LM Studio users: watch for Bartowski’s or TheBloke’s GGUF quants to appear in the HF browser over the next day. Running into VRAM errors? MoE routing adds a new failure mode (partial expert loading); see our troubleshooting guide.
What comes next
Mistral is clearly building a family: 7B dense, 8x7B sparse, and (by implication) larger MoE variants on the roadmap. The release blog hints at a Mixtral Instruct tuned with DPO — already published alongside the base.
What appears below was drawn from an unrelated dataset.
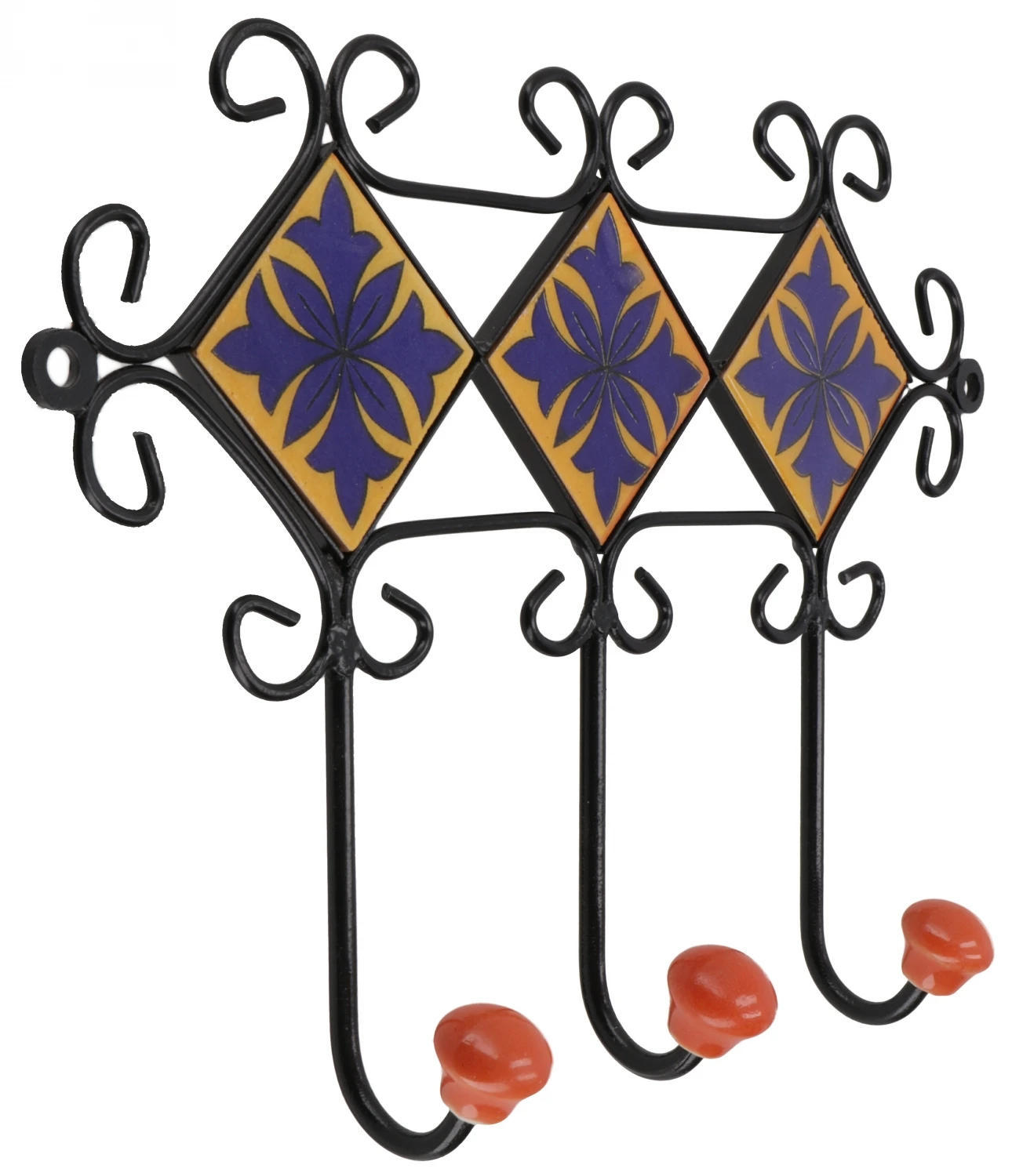 Farbenfrohe, traditionel gefertigte Fliesen in Kombination mit feiner Schmiedearbeit zu einer dekorativen vielseitig einsetzbaren Hakenleiste verarbeitet.

Community fine-tunes will appear within days now that MoE is supported in llama.cpp and the training tools are catching up. Expect coder variants, roleplay variants, and specialty multilingual tunes on Hugging Face within two weeks.
Bigger picture: Mixtral is the first production-quality open MoE. If it lives up to the release-day benchmarks, it’s going to push the whole open-weights ecosystem toward sparse architectures — because the active-parameter economics are that much better for inference at scale. For sovereign plebs, the headline is: 70B-class quality, 13B-class speed, Apache 2.0, on your disk tonight. Pull the weights, own the stack. See the Sovereign AI Manifesto and the pleb’s guide to self-hosted AI for the next steps.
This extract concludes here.